Definition: Probability of an event is what a person who studies it believes about the chances of the event. People who define probabilities use their knowledge about the world to make "the best possible guess."
Who likes it:Scientists, mathematicians.

vs.

Who likes it: Philosophers, economists, mathematicians.

Mentor: Which of these two ways of looking at probability is closer to statistics?

Student: The Frequency View, because it talks about collecting data.

Mentor: A very important part of the Frequency View definition is that you need to repeat the same exact experiment to find the probability. It is almost never possible where humans are concerned, for example, in sports or medicine. I would like to offer you several quotes, and you can find and correct the errors in them.

Student: Sounds like fun. When I learn to do it, I can find quotes in journals or on TV and correct them, too!

### Conclusion that may be true

"Our team won about 3/4 of the games  in every season so far. I tell you, the probability of us winning the next game is 3 out of 4!" Each game is different from other games. Maybe the opposing team will be much stronger than usual next time. Maybe the weather will be different. Maybe a key player will be sick. And so on. Also, the team may always win against a particular team (the one that is going to play tomorrow), which will affect the chances. "Our team won about 3/4 of the games in every season so far. If nothing major changes, I believe we are going to win about 3/4 of the games in this season, too."
"One out of eight women in the USA develops breast cancer during her lifetime. Therefore, if you are female, the probability of you having this form of cancer is1/8." You are unique (just like everybody else). There is no way for a person to know her exact chances in anything that is connected with health. Studies show that body proportions, diet, weight, clothes preferences, number of pregnancies and breastfeeding all affect breast cancer rates in women. Even though "one out of eight" is the average for the USA, it does not tell much about each particular person. "One out of eight women in the USA develops breast cancer during her lifetime. If we randomly select 1,000,000 women and look at their medical histories, we can expect about 125,000 (not exactly!) of them to develop breast cancer."
"On the average, drivers have accidents once every two years. Your last accident was 3 years ago, so you can expect an accident any time now." Rates of accidents vary greatly with experience, car type, age and health of the driver, driving habits, and so on. National average says close to nothing about your chances of having an accident. "On the average, drivers have accidents once every two years. If you randomly choose 1000 drivers, you can expect them all together to have had about 5000 accidents over the previous 10 years."

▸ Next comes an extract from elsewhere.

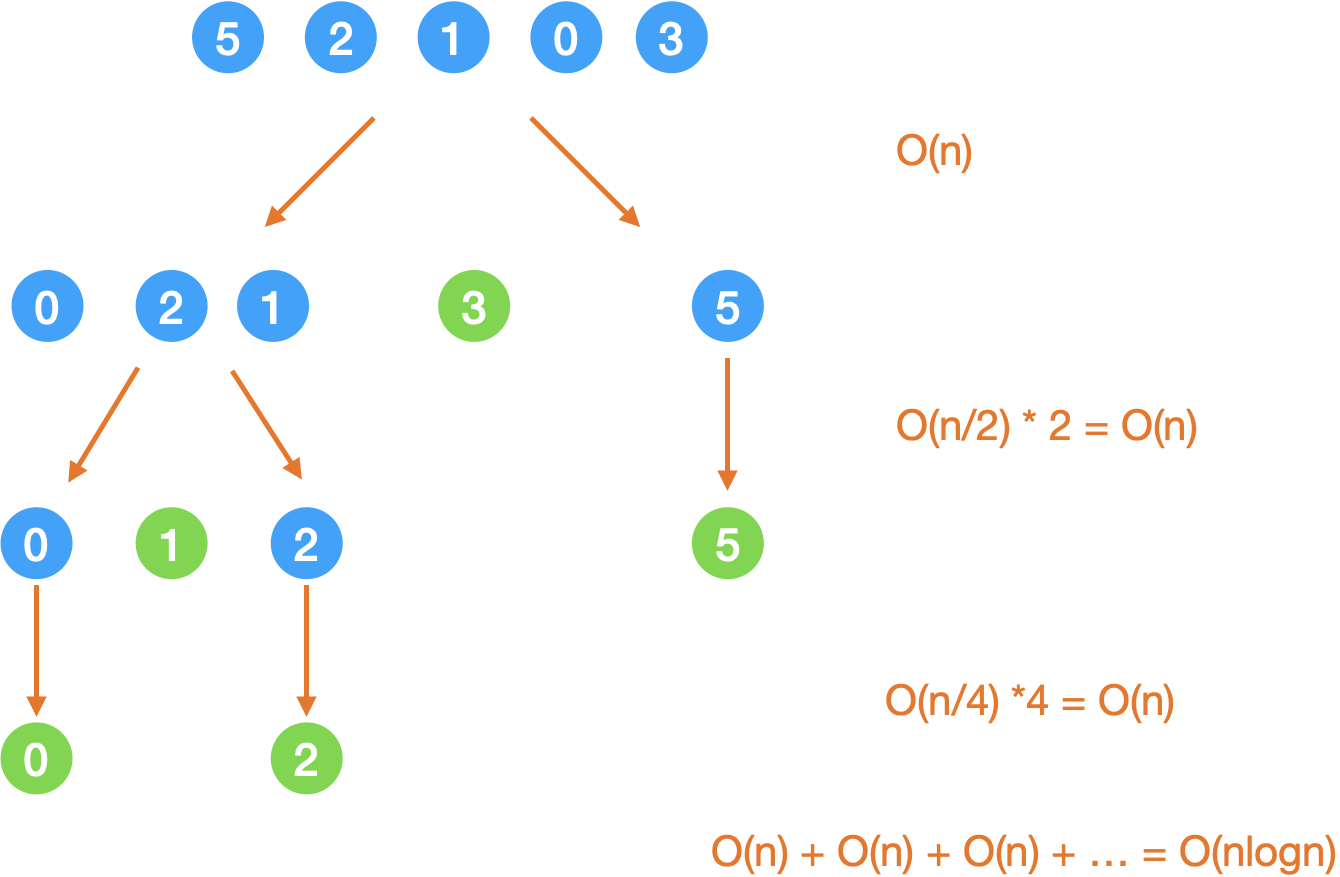 就是最开始描述的方法,直到每个区间内没有元素或者只剩一个元素就可以返回了。

Student: All these errors are of the same type. They take data about large numbers of people, and try to use it in personal cases.

Mentor: Collecting data about large numbers of people (or other objects), and using this data for studying other large groups of people as you did in the "Conclusion that may be true" column, belongs to statistics. The only time it can be used for probability, that is, for studying chances in individual cases, is when all the experiments are the same (or almost the same). You can use data (statistics) from rolling a six-sided die one million times (in exactly the same manner!) to find the chances (probability) of rolling 5 on your next try. You can not use data (statistics) from studying driving records of a million people to find the chances (probability) of yourself having an accident today.

Student: So statistics deals with data that may or may not be useful for finding probability.

Mentor: Yes. Data can also be useful by itself, without any connection to probability. For example, you need to know, at least approximately, how many voters live in a particular city in order to prepare for elections. You may want to know the average amount of hazardous chemicals each factory discharges into a particular water basin per month in order to find out if there is a serious environmental problem. You might want to know the proportion of people who get the flu during each year in order to compare several years and to try to find out what may cause increases in flu rates.

Student: I am just glad there are computers to help us to deal with all that data!